Miguel de Cervantes estaba enfermo, con fiebre, el 7 de octubre de 1571, fecha de la gran batalla naval de Lepanto. Podía haberse quedado bajo cubierta, pero la sola idea de que alguien pudiera tildarle de cobarde le causaba horror.
Años después estuvo preso en Argel. Prefirió sufrir tortura antes que delatar a otros.
Después, ya libre y en España, consiguió un trabajo de recaudador de impuestos. Fue encarcelado, acusado de quedarse con dinero recaudado. La sola idea de que alguien que en Lepanto y en Argel dio sobradas muestras de nobleza y honorabilidad pudiera ser un ladrón, traicionando la confianza puesta en él como recaudador, repugna a mi conciencia. Estoy plenamente seguro de que Miguel de Cervantes Saavedra nunca se apropió de una sola moneda que no le perteneciera en justicia.
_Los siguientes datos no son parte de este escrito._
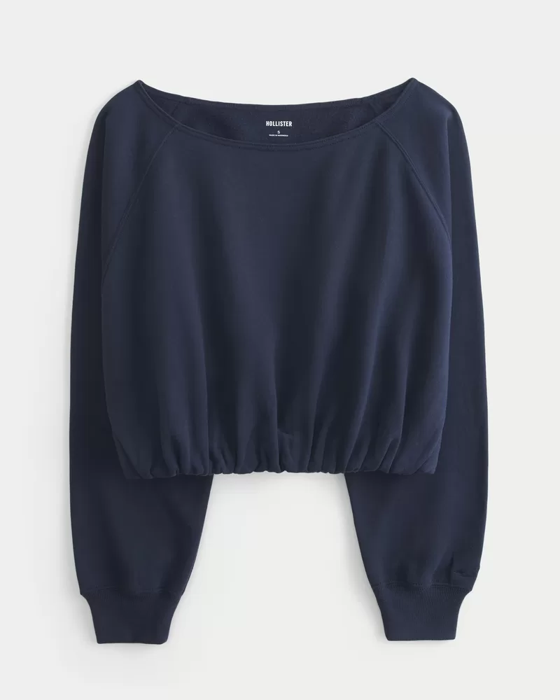 Off-the-Shoulder Bubble Hem Sweatshirt
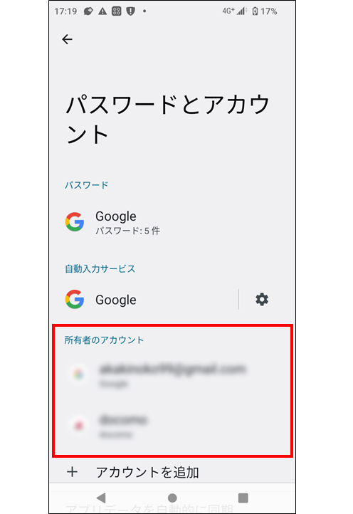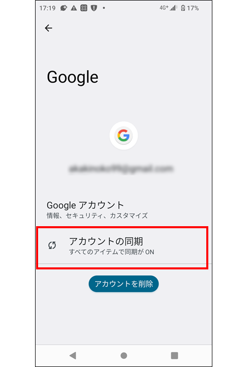 ※機種により、「アカウント」を選択せずに「Google」を選択する場合や「アカウントと同期」を選択する場合もあります。
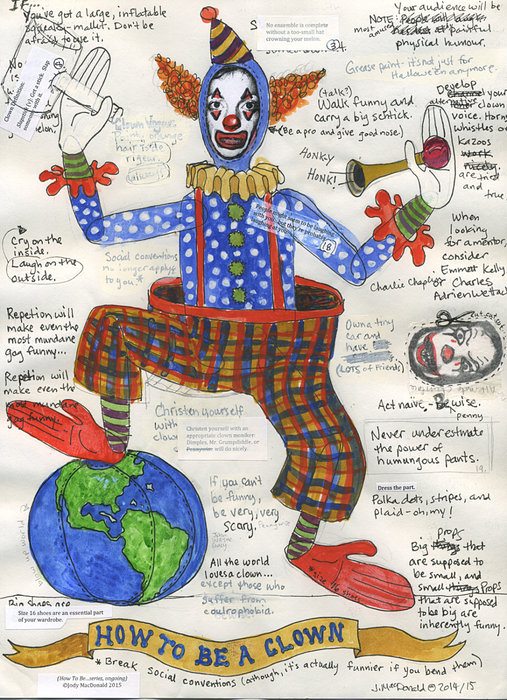 Ink, watercolour, collage on paper, 12″ x 9″, 2015.
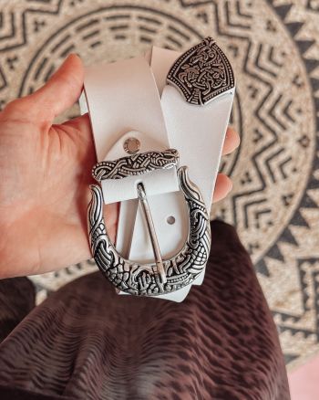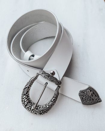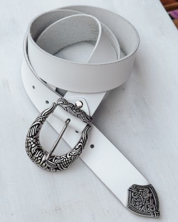- white belt with bronze buckle
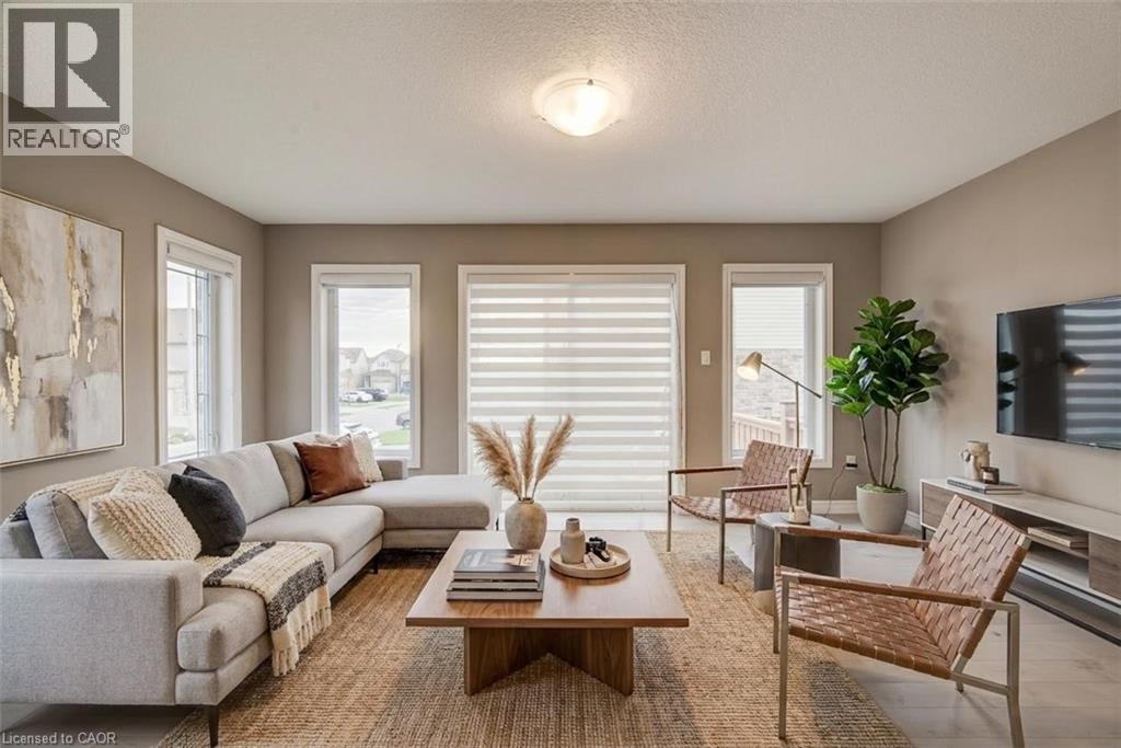 PUBLIC OPEN HOUSE SATURDAY MARCH 14TH 2PM TILL 4PM. Welcome to 77 John Brabson Crescent in Guelph!This two story semi-detached home is only five years old and is located in wonderful Kortright East which makes it ideal for commuters but also close to many amenities. Step inside and find a handy two piece bathroom for your guests. The modern dark cabinet set in kitchen contrasts nicely with the bright white hard surface counter tops. There is plenty of room for the home chef here to work and with the open concept layout also entertain or watch the kids. The main floor is very bright and inviting but follow me upstairs to find 3 bedrooms, the family bath and the laundry room. Just off the primary bedroom you will find a walk in closet and another four piece bath for the ensuite. The basement is unspoiled and just awaiting your ideas so don't wait book your showing today! (id:64974)
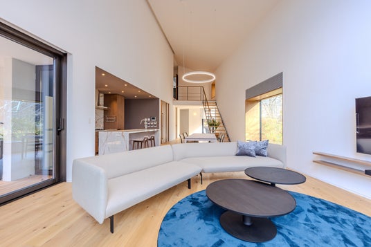 リビングルームの天井高6.2mの吹き抜けは、広々とした空間全体をカバーし、訪れる方を圧倒します。天井まで届く大迫力の薪ストーブの煙突と天然石仕上げの炉壁が印象的で、大型窓から差し込む柔らかな陽光が空間を満たし、心地よい明るさを生み出しています。

Tiempo después escribió el Quijote, el segundo libro más leído después de la Biblia. Para él esto no fue algo importante. Siempre, hasta el último momento de su vida, pensó que lo más importante que hizo fue participar, como simple soldado, en la batalla de Lepanto, en la que la civilización cristiana frenó al turco. Hasta la herida que le causó la pérdida permanente del uso de un brazo (aunque no la amputación) la daba por buena, pues la sufrió en esa ocasión, "la más grande que vieron los siglos" según sus propias palabras.